(Beginning of Provided records)
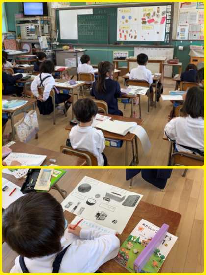 「かたちあそび」の学習。身の回りにはいろいろな形があります。それぞれの形の特徴をとらえる学習です。今日は、形の種類ごとに分類しました。一人一人がもらったカードを「どの仲間かな」と考えて、黒板にピタリ。よくできていました。
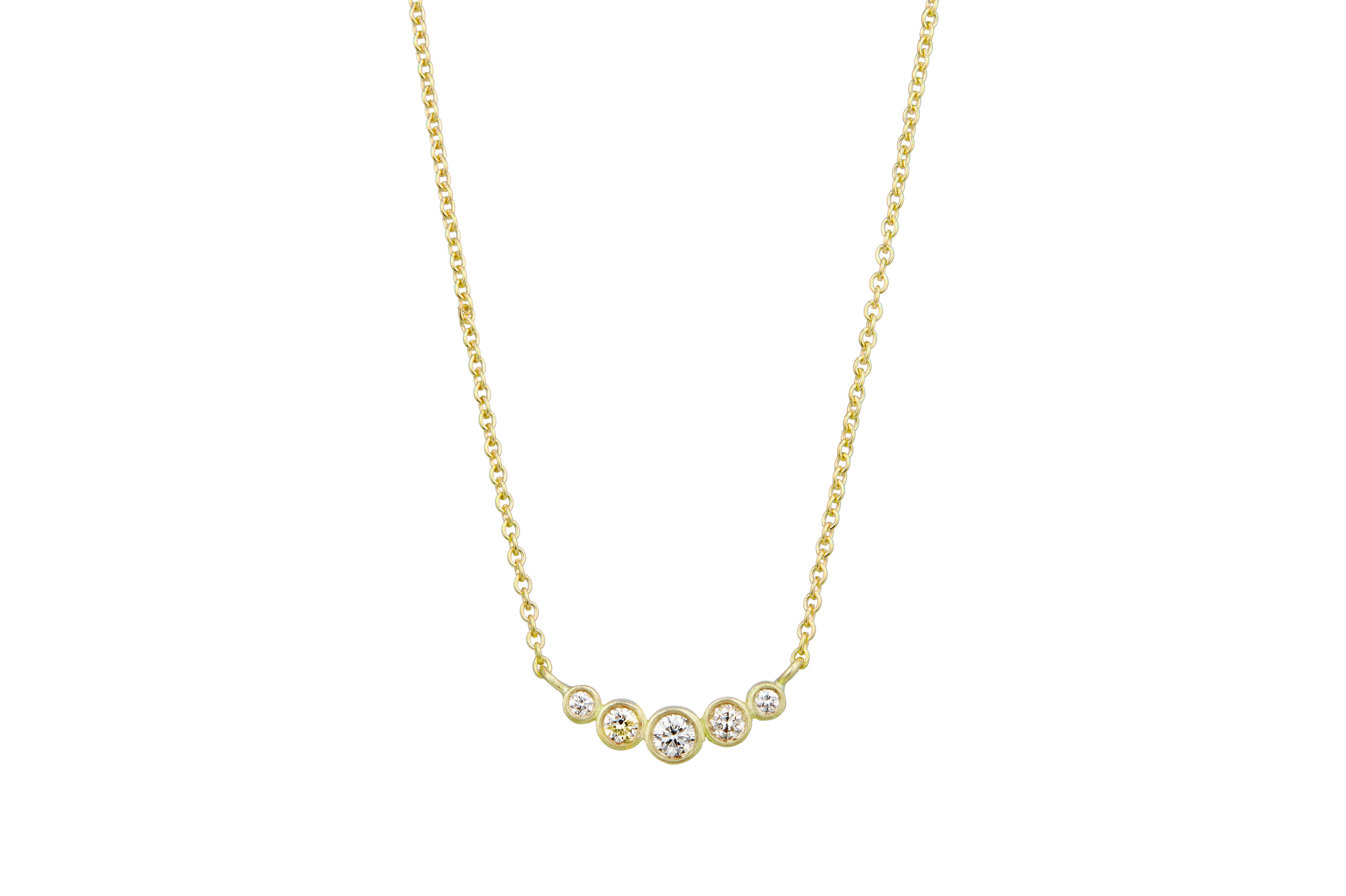 Halskæde i 18kt genanvendt guld med 0,13ct Top Wesselton VS brillanter i excellent cut. Kæde 42cm. Håndlavet i Danmark.
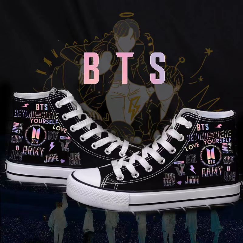 BTS Custom Hand Painted Shoes Unisex High Top Shoes Personalized Sneakers Very well made.
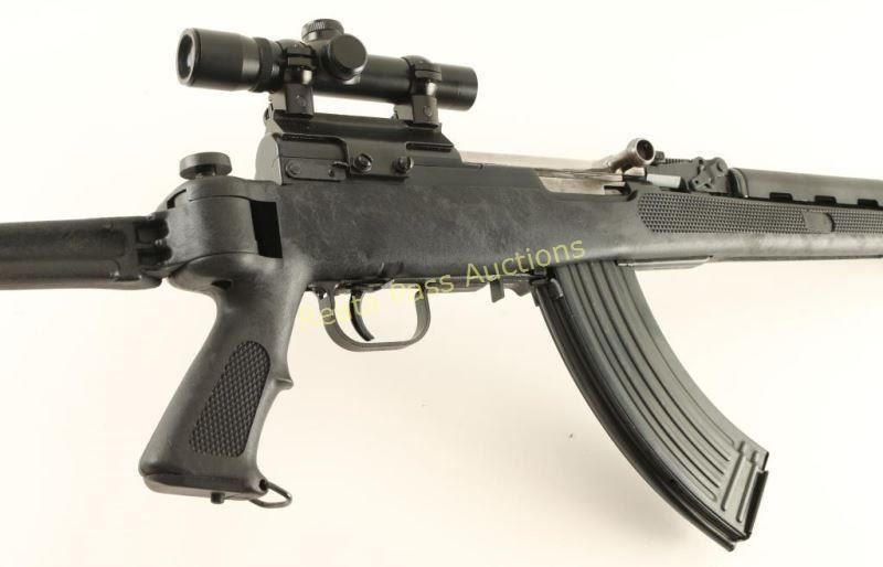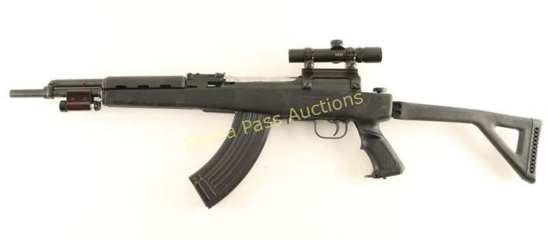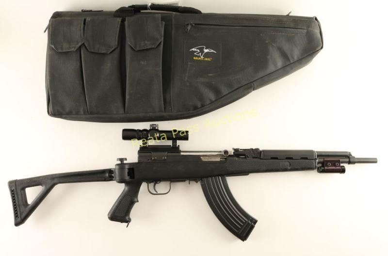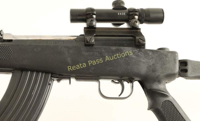 Customized Chinese SKS pattern semi-automatic rifle chambered in 7.62x39mm. Imported by C.A.I of St. Albans, V.T. with import marks on the barrel. Features a blued finish, 16.25" cut-down barrel, removed front sight, graduated rear sight, 4x 20mm scope on Poly Tech mount, laser sight with tape switch, manual safety, 30 round steel magazine, smooth trigger, black synthetic hand guard and checkered pistol grip side-folding stock. Includes a Galati Int'l padded soft case with an extra 30 round magazine, manual, tool, laser battery and Chinese schematics. Serial numbers match on the receiver, bolt and triggerguard. Rifle exhibits light scattered oxidation with little to no visible wear. Action is crisp, bore is excellent and synthetic stock is fine. Condition is near excellent. ***Modern Firearm***
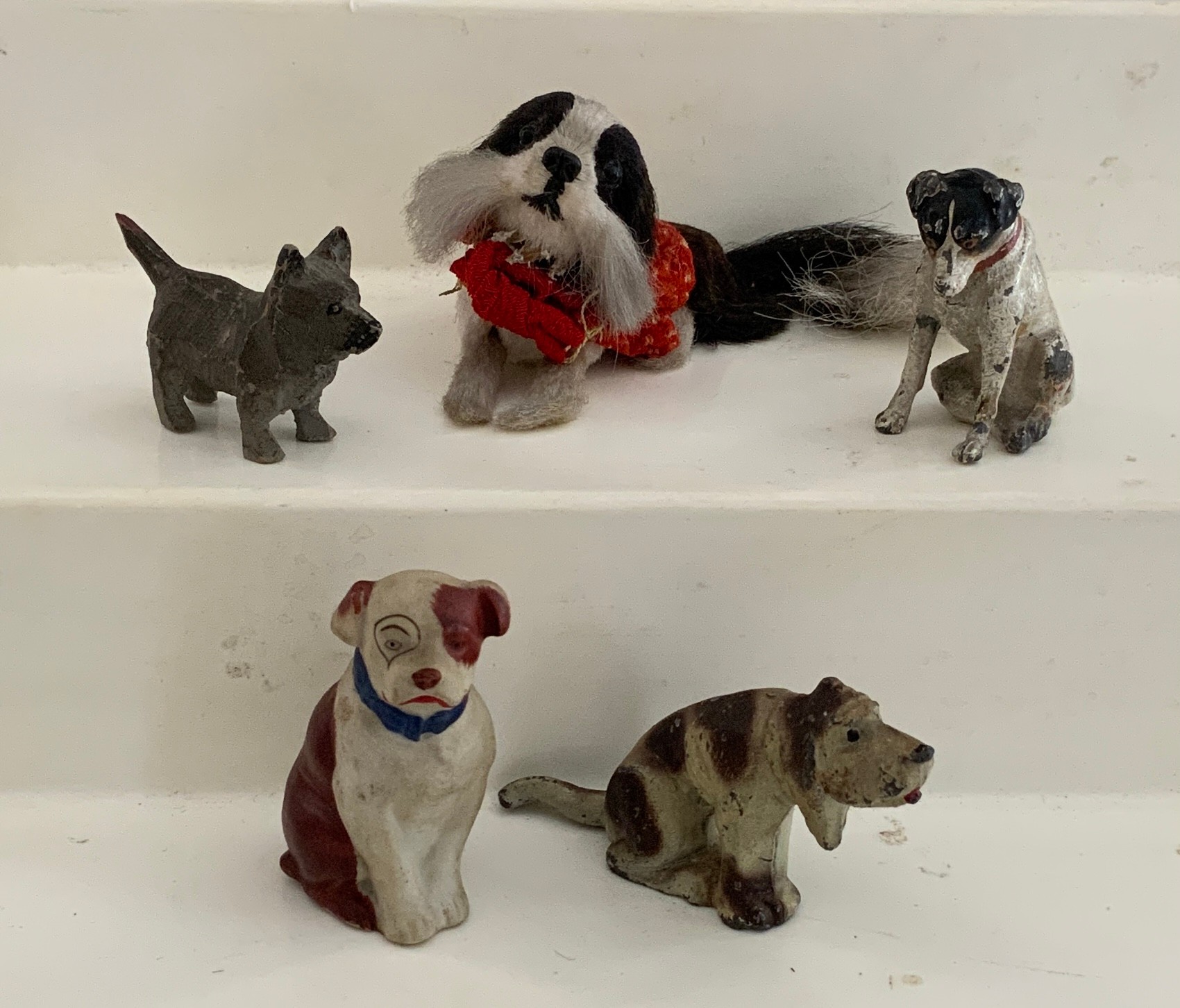 Lot of misc. vintage animals of various compositions, metal, wood, etc., reindeer & dogs, 2” – 6” long
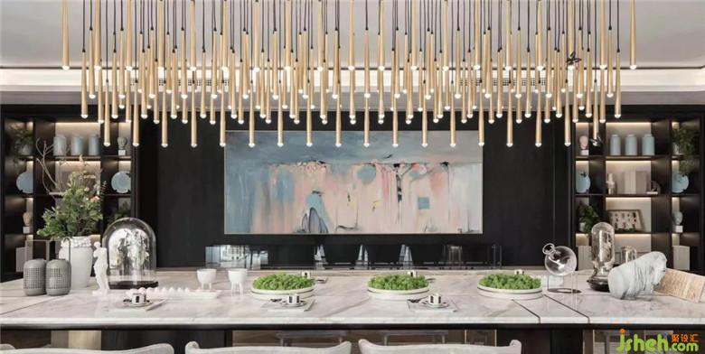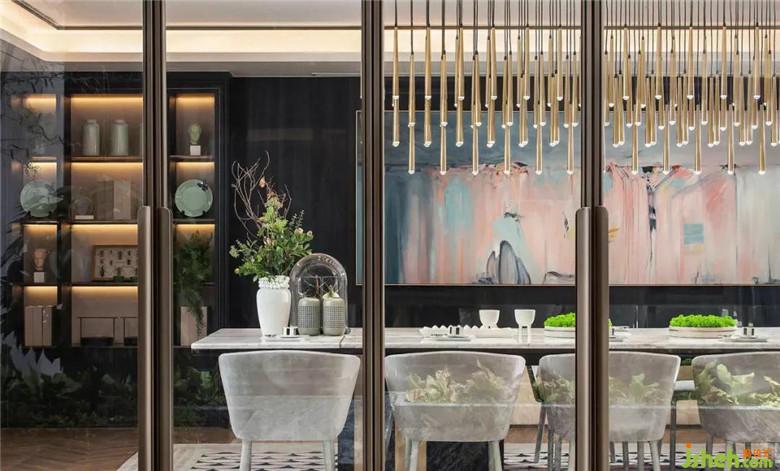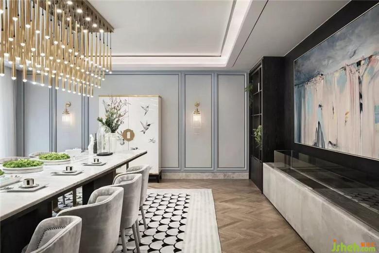與書房區(qū)不同,線條的呈現(xiàn)方式,在女主人的下午茶空間變得溫柔了許多。從地毯的扇形拼接、線型吊燈的錯(cuò)落秩序,到座椅的優(yōu)雅姿態(tài),將當(dāng)代東方女性的韻味淋漓展現(xiàn)。
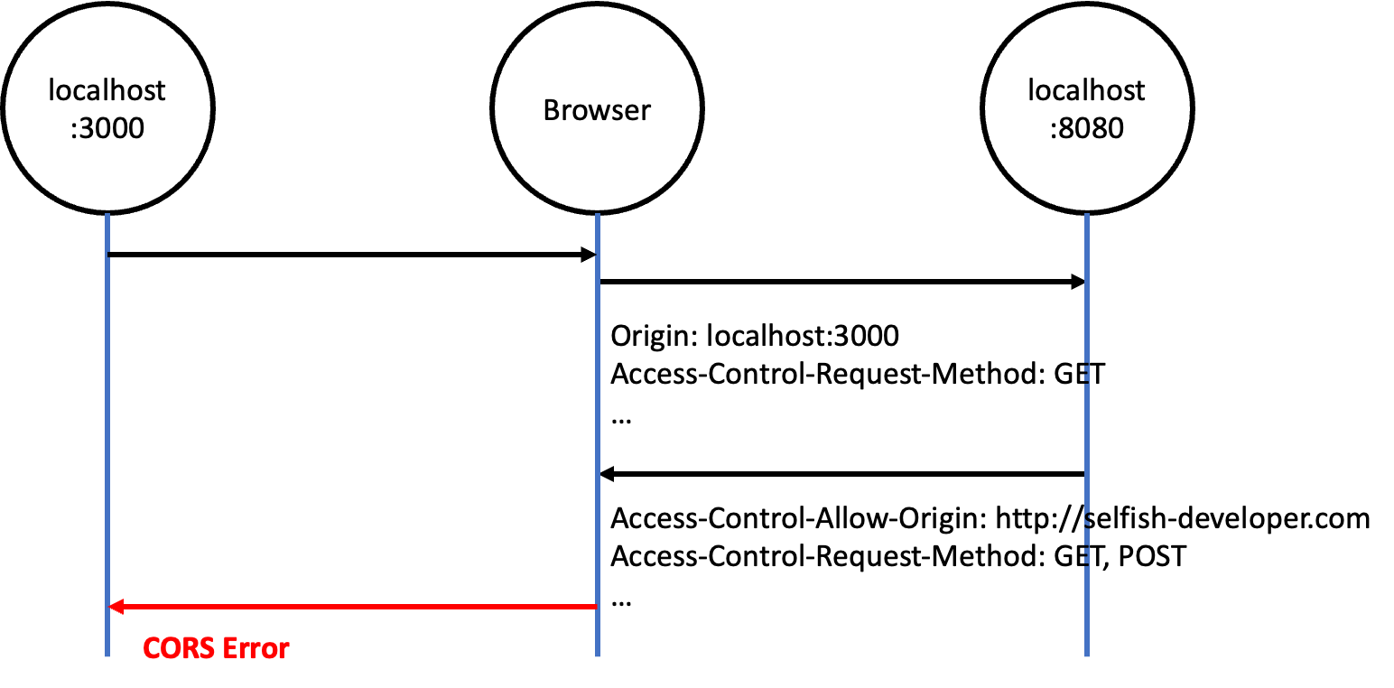 같은 Origin상에서는 요청이 오는 곳과 처리하는 곳이 동일하기 때문에 특별히 보안상 처리해줄 이유가 없다. 그런데 다른 Origin에서 오는 요청이라면 내가 요청으로 받아온 결과를 믿을만한지 그렇지 않은지 검증하는 과정이 필요하다. 브라우저에서는 결과의 헤더 값을 통해 CORS를 확인한다. 한번 쯤은 봤을 법한 'Access-Control-Allow-Origin', 'Access-Control-Allow-Methods' 가 브라우저에서 CORS를 검증할 때 사용하는 값이다.
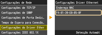 O endereço IP não é configurado corretamente se ele for exibido como "0.0.0.0". Conectar a máquina a um hub ou ponte pode resultar na falha da conexão mesmo quando o endereço IP está corretamente configurado. Esse problema pode ser resolvido definindo um certo intervalo antes da máquina começar a se comunicar. Definindo um tempo de espera para a conexão com uma rede Você pode imprimir uma lista das definições de rede atuais. Lista dados usuário/Lista dados administrador sistema |
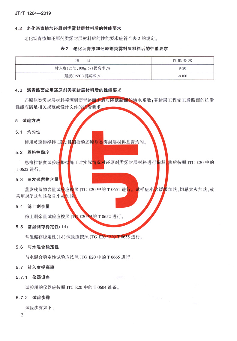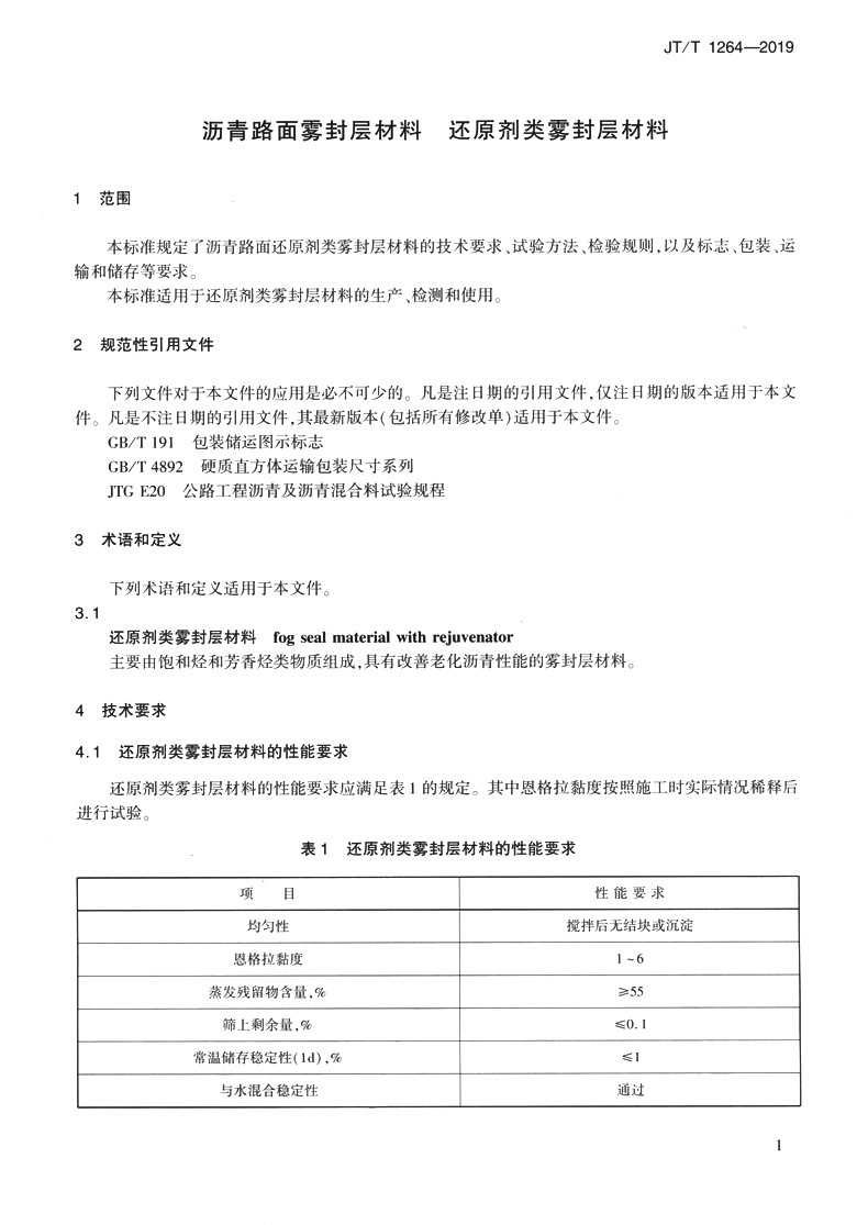 | 沥青路面雾封层材料 还原剂类雾封层材料(JT/T 1264—2019) | ||
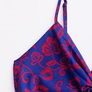 Featuring a beautiful floral print, front twist detail with a keyhole cutout, and an open back with an adjustable tie, it’s perfect for your next beach vacation or summer outing.
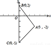 如图,三角形ABC三个项点坐标分别为 A(3,?2)、B(0,2)、C(0,?5),将三角形ABC沿 y 轴正方向平移2个单位,再沿x轴负方向平移 l 个单位,得到三角形A1B1C1.
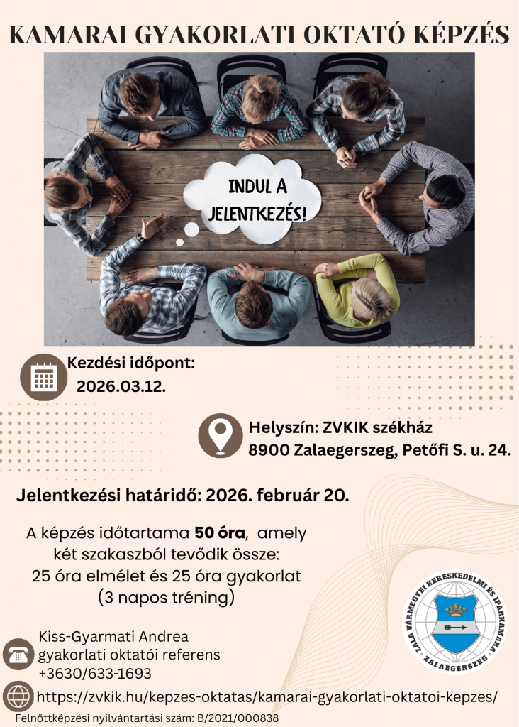 👉 A képzés részleteiről, a jelentkezés módjáról és a szükséges dokumentumokról az alábbi linken olvashat bővebben: https://zvkik.hu/kepzes-oktatas/kamarai-gyakorlati-oktatoi-kepzes/
(End of Provided records)
- **Exercise description**
The lines from the one containing "Featuring a beautiful" through the final line of the data are to be repeated exactly, with both ends included and all pictures left out.

- **Solution for this task**
 Featuring a beautiful floral print, front twist detail with a keyhole cutout, and an open back with an adjustable tie, it’s perfect for your next beach vacation or summer outing.
 如图,三角形ABC三个项点坐标分别为 A(3,?2)、B(0,2)、C(0,?5),将三角形ABC沿 y 轴正方向平移2个单位,再沿x轴负方向平移 l 个单位,得到三角形A1B1C1.
 👉 A képzés részleteiről, a jelentkezés módjáról és a szükséges dokumentumokról az alábbi linken olvashat bővebben: https://zvkik.hu/kepzes-oktatas/kamarai-gyakorlati-oktatoi-kepzes/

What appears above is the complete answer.